Luz se prendía a la rodilla con las dos manos y daba al cuerpo un meneo copulatorio que convenía a los planes de Maria quien entonces cerró los dedos en un puño con el que avanzó como un ariete que al llegar al fondo, se abrió como una araña para que los dedos distendieran al canal de parto en su retroceso; aunque doloroso, aquello resultaba fantástico para la sexualidad de la muchacha a quien parecía no disgustarle lo sado y entonces fue que María se aplicó en penetrarla honda y violentamente de esa manera hasta que la mujer clamó por su satisfacción demorada.

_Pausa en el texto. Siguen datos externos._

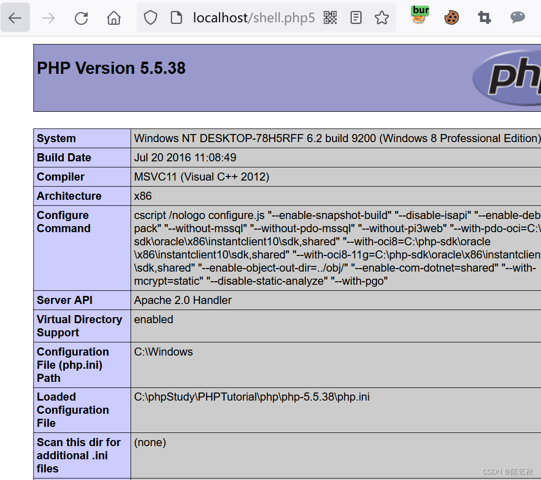 我们可以先注释掉这这段语句,然后创建一个.php5的文件去浏览器访问

Haciéndola recuperar la posición boca arriba, María se abalanzó con la boca abierta como las fauces de un depredador y al tiempo que la mano entraba y salía como un martinete de la concha entre los chasquidos de los jugos que escapaban filtrándose a través del brazo, labios, lengua y dientes se apoderaron del clítoris para macerarlo con gula hasta que, entre los gritos desesperados de Luz que sentía como todo aquello excedía el dolorosísimo placer de parir y elevando el cuerpo en un arco perfecto por la tensión que la dominaba, le reclamó a los gritos por más y más a la vez que sentía a su cuerpo irse en aquellas riadas de placer que expulsaba espasmódicamente hasta que se envaró y con un bramido enronquecido, se desplomó como fusilada sobre la cama.